O perfil físico de Muniz faz com que lutar contra os zagueiros seja uma grande parte de sua dieta em campo. Entre os atacantes com mais de 2.000 minutos desde o início da temporada 2023-24, apenas Beto, do Everton, disputou mais duelos aéreos do que seus 11,1 em 90.
Apenas cinco atacantes sofreram mais faltas do que os 2,3 a cada 90 de Muniz neste período, o que só serve para reforçar seu estilo de jogo tenaz. Crucialmente, quem foi seu oponente mais difícil?
“(Harry) Maguire”, Muniz revela sem hesitação. “Maguire e Van Dijk seriam meus dois melhores – Van Dijk lhe dá um pouco mais de espaço. O zagueiro perfeito seria uma mistura de Maguire e Van Dijk. É muito difícil jogar contra os dois. Ambos têm muita qualidade, tanto na fisicalidade quanto no ritmo.”
Por sorte, O Atlético mostra a Muniz um pequeno clipe dele lutando com os zagueiros segundos depois. O adversário? Maguire, jogando Muniz no chão após um passe certeiro feito na esquina, de costas para o gol.
“Ele está sempre fazendo contato, não te deixa em paz, é constante. Tem que estar muito focado.”

Apenas oito partidas na Premier League em 2024-25 serão uma fonte de frustração para Muniz, mas não lhe falta ambição ou crença de que é capaz de jogar regularmente ao mais alto nível.
“Tenho o sonho de jogar na Liga dos Campeões e acima de tudo ser convocado para a seleção nacional”, revela Muniz. “Sei que para isso acontecer tenho que brincar e continuar fazendo o trabalho que tenho feito. O que depende de mim, vou fazer, e outras coisas que não tenho controle, só tenho que esperar.”

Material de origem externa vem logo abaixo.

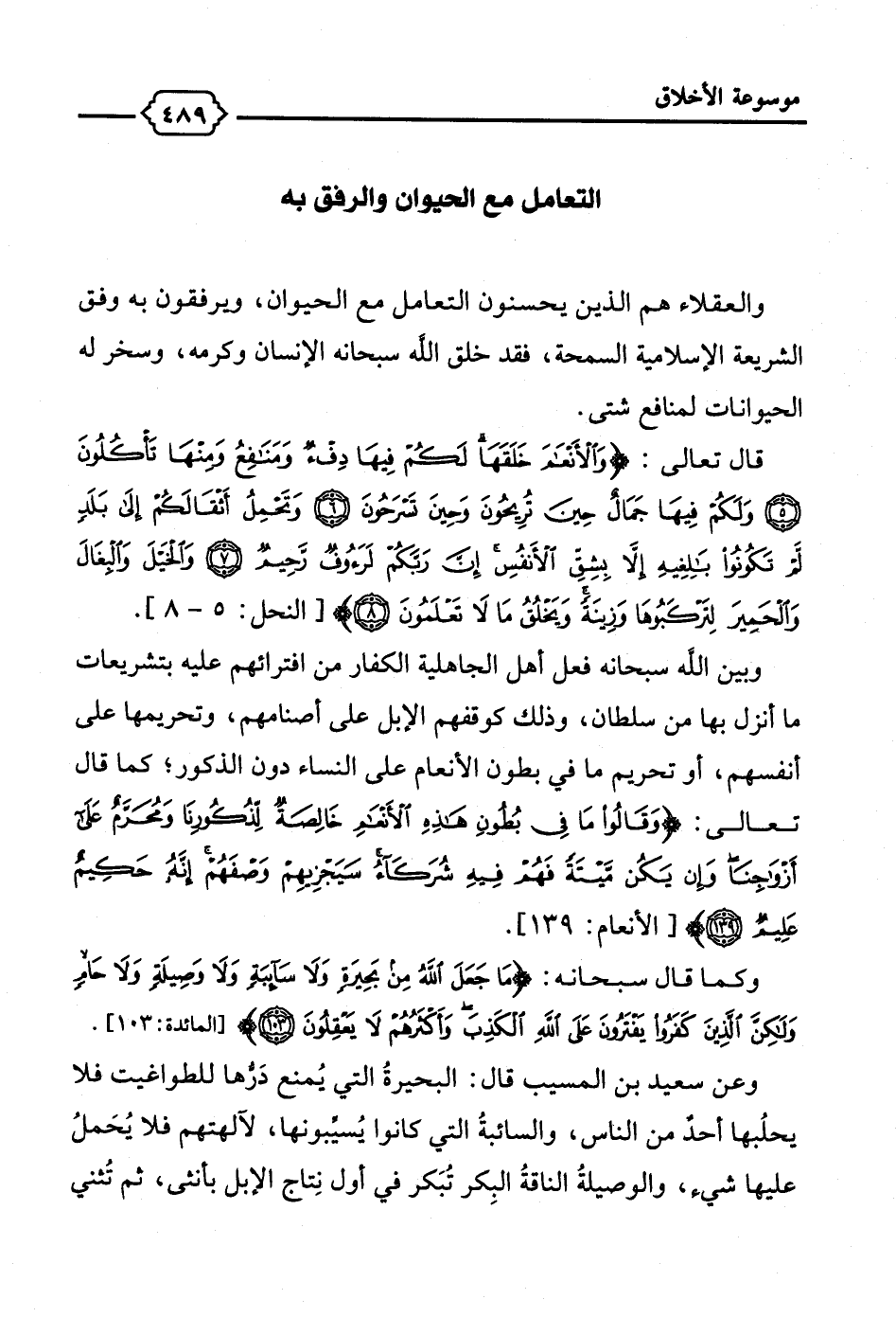 قال تعالى: {وَالْأَنْعَامَ خَلَقَهَا لَكُمْ فِيهَا دِفْءٌ وَمَنَافِعُ وَمِنْهَا تَأْكُلُونَ (5) وَلَكُمْ فِيهَا جَمَالٌ حِينَ تُرِيحُونَ وَحِينَ تَسْرَحُونَ (6) وَتَحْمِلُ أَثْقَالَكُمْ إِلَى بَلَدٍ لَمْ تَكُونُوا بَالِغِيهِ إِلَّا بِشِقِّ الْأَنْفُسِ إِنَّ رَبَّكُمْ لَرَءُوفٌ رَحِيمٌ (7) وَالْخَيْلَ وَالْبِغَالَ وَالْحَمِيرَ لِتَرْكَبُوهَا وَزِينَةً وَيَخْلُقُ مَا لَا تَعْلَمُونَ (8)} [النحل: 8].

A chegada de Carlo Ancelotti ao cargo de técnico da Seleção Brasileira ocorre em um momento em que a Seleção precisa desesperadamente de alguma reforma — uma situação que Muniz poderia usar a seu favor. Dado o seu perfil, o brasileiro sente que tem algo diferente para oferecer à sua seleção?

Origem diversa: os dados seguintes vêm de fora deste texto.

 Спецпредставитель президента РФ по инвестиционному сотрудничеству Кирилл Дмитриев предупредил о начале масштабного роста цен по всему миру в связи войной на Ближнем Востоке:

“Acho que vai depender do treinador. Alguns preferem esse estilo mais controlado, outros gostam de atacar o espaço. Temos atacantes que conseguem segurar muito bem a bola – o Pedro do Flamengo é um jogador muito bom. Temos também o Richarlison e o João Pedro que conseguem atacar muito bem o espaço.
“Acho que posso fazer um pouco dos dois e sou um tipo diferente de número 9, mas veremos.”